Eric Campbell, 23, is charged with two counts of first-degree murder, first-degree burglary, second-degree arson, robbery with a dangerous weapon, larceny of a motor vehicle, financial card theft, identity theft and two counts of cruelty to animals in the New Year's Day 2015 deaths of Jerome Faulkner, 73, and his wife, Dora Faulkner, 62.
Authorities say Campbell and his father, Edward Watson Campbell, both of Alvin, Texas, stormed into the Faulkners' home, just north of Oxford, robbed them, set fire to the house and killed them before fleeing in both the couple's Chevrolet Silverado and a stolen SUV.
Police in Lewisburg, W.Va., arrested the father and son later that day following a shootout, and investigators found the Faulkners' bodies under a mattress in the back of the pickup.
Edward Campbell killed himself last year at Raleigh’s Central Prison, where he was being held.
Defense attorney Will Durham argued Tuesday that Edward Campbell carried out the crime spree and his son was an unwilling participant.
"There is no affirmative evidence that Eric Campbell actually committed any of the acts resulting in death or that he wanted them to occur," Durham told Superior Court Judge Henry Hight.
Edward Campbell was an abusive, manipulative father who "used force and threats to get what he wanted," and Eric Campbell couldn't stand up to him, Durham said.
"Whether that failing makes him culpable of the crimes in this case ... is what will be the subject of this trial," the attorney said.

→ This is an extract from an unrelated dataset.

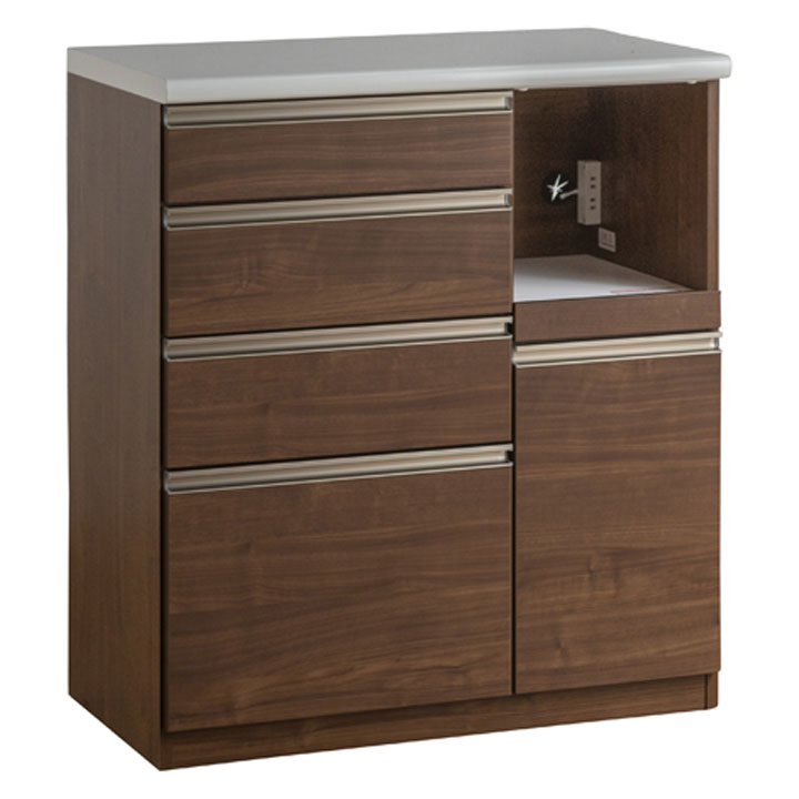 | 日本製 キッチンカウンター 幅90cm お部屋に馴染みやすいシンプルなデザイン。シンプルながら機能的なキッチンカウンター 清潔感の漂うホワイトと温かみある木目が特徴のブラウンの2色展開。ソフトクローズ機能を備えた引き出しと戸棚収納、傷や汚れ、熱に強くお手入れの簡単なメラミン天板。毎日使うものだからこそ機能性にもこだわって設計しました。 ■便利なスライドカウンター スライド式の収納スペースになっており手前に引き出すことができ、炊飯器の蒸気も逃すことができます。 ■作業性の高いカウンター 天板までの高さが1mになっていて、低すぎず作業のしやすい高さ設計になっています。 ■家具や家電を守るモイス材を使用 スライドカウンターの天井にはモイスという調湿・消臭機能をもった天然素材を使用。家具や家電を湿気から守ります。 ■ゆっくり閉じるソフトクローズ蝶番 収納棚の扉にはゆっくりと閉じるソフトクローズ蝶番を使用。小さなお子様がいるご家庭でも安心してご使用いただけます。 ■傷や汚れに強いメラミン天板使用 カウンター天板には熱や汚れに強く、耐久性に優れたメラミンを使用。お手入れも簡単でさっと拭き取るだけ。 ■背面まで丁寧に化粧仕上げ カウンターの背面まで丁寧に化粧仕上げがされており、細部にまでこだわりをもって作り上げました。 ■引き出しやすい取手 シンプルでフラットなカウンターのデザイン性を保ちつつ使いやすさへも配慮した取手は引き出しのしやすい形状になっています。 ■家電を設置しやすいコンセント 調理家電などを設置しやすい様、2口のコンセントを用意。スライドカウンターとも合わせて使いやすい設計に。 ■フルオープンレールの引き出し 引き出しはフルオープン式で開閉がスムーズ。便利なカトラリーケースも付属しており収納力も抜群。 ■用途に合わせて棚位置を調整 棚板は用途に合わせて3段階の高さへ調節することができます。 ■たっぷりの収納スペース 4杯の引き出し収納と開き戸の収納棚を設けており、用途に合わせてご利用いただけます。 | |

The father had jumped bail in a Texas domestic violence case and had taken his son on a cross-country "camping trip," Durham said. When they were running low on money, he said, Edward Campbell decided to rob the Faulkners.
Eric Campbell was outside the house, thinking it was a simple robbery, Durham said. But he heard screaming from inside, and by the time he went in the house on his father's orders to search for financial documents, the Faulkners lay gravely wounded on the floor, Durham said.
"Eric was very scared of his father, and he should have been. His father was scary," he said, adding that the son's mere participation doesn't warrant the possibility of a death sentence.
Granville County Assistant District Attorney Allison Capps countered that Eric Campbell "might not have been the main participant ... (but) he also participated" in killing the Faulkners.
"Three instruments used as weapons in the case required more than one person," Capps told Hight without elaboration.
Search warrants in the case state that a blood-stained crossbow with two of its four blades missing was found in the home.
"The evidence suggests that the Faulkners were tortured," Campbell said. "There were certainly moments or even prolonged periods of time for premeditation and deliberation."
Hight said he would hold off on deciding whether the case should proceed as a capital case or a simple murder trial without the prospect of the death penalty. The judge did deny a defense motion to move the trial out of Granville County.